▶ _THE TASK_
In the records below, find the line containing "산외면에서는 이러한 위험을" and transcribe it and every line after it exactly; leave the pictures out.

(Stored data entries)
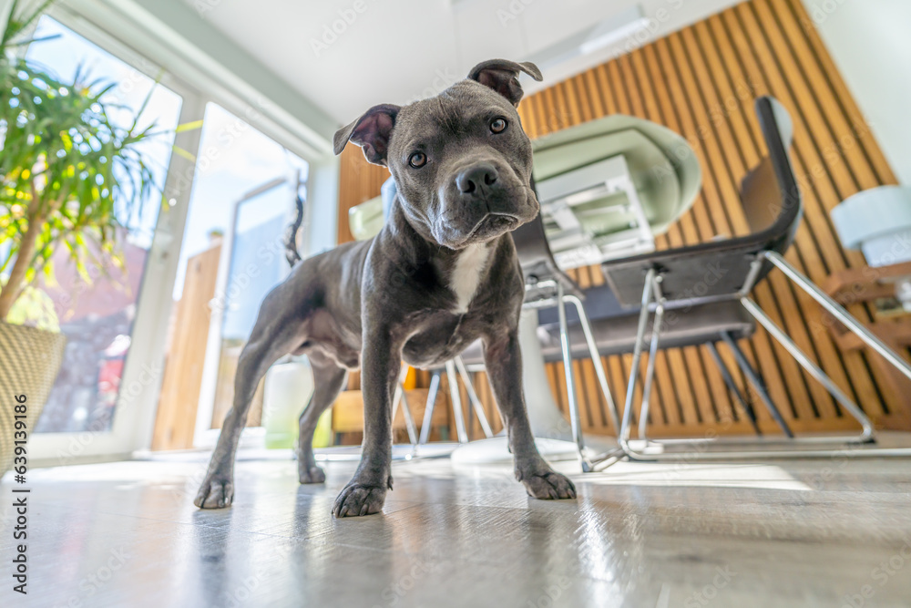 Adorable Close-up of Blue Staffy DogEnglish Staffordshire Bull Terrier #639139186
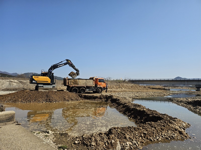 산외면에서는 이러한 위험을 제거하기 위해 굴삭기와 덤프트럭 등 장비를 투입해 동진강 바닥에 퇴적돼 있는 토사를 준설하고 있다.
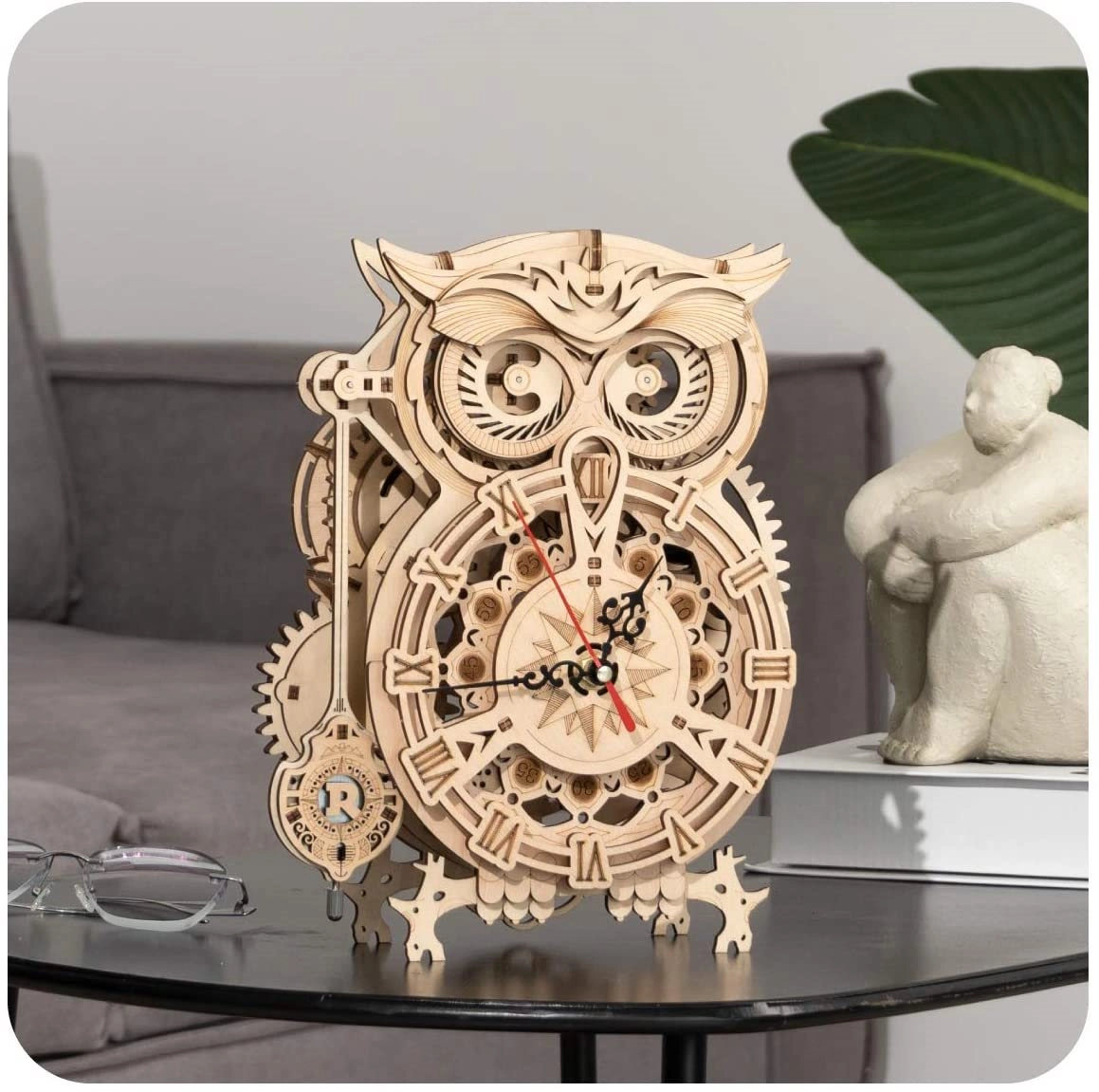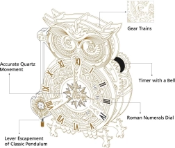 Pelėdos forma su detalizuotais mechaniniais elementais, kurie žavi ir suteikia interjerui elegancijos.
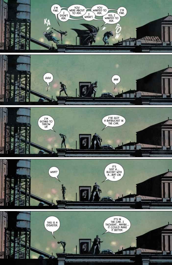 Le scene in questione sono disegnate da Mikel Janín e mostrano Bruce che comunica la grande notizia a Selina, che sulle prime non sembra essere molto felice.
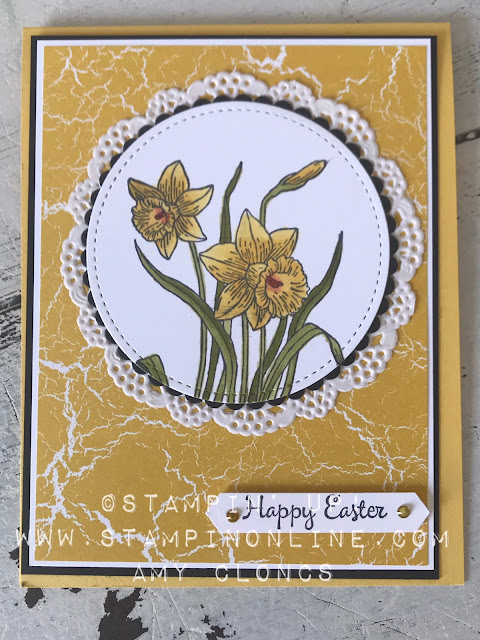 Amy did an elegant Easter card. Daffodils ARE coming (as I type the giant snowflakes are falling fast….but spring will be here soon and one of our first signs will be when the daffodils start to push up out of the ground)

▶ _ANSWER FOR THE TASK_
 산외면에서는 이러한 위험을 제거하기 위해 굴삭기와 덤프트럭 등 장비를 투입해 동진강 바닥에 퇴적돼 있는 토사를 준설하고 있다.
 Pelėdos forma su detalizuotais mechaniniais elementais, kurie žavi ir suteikia interjerui elegancijos.
 Le scene in questione sono disegnate da Mikel Janín e mostrano Bruce che comunica la grande notizia a Selina, che sulle prime non sembra essere molto felice.
 Amy did an elegant Easter card. Daffodils ARE coming (as I type the giant snowflakes are falling fast….but spring will be here soon and one of our first signs will be when the daffodils start to push up out of the ground)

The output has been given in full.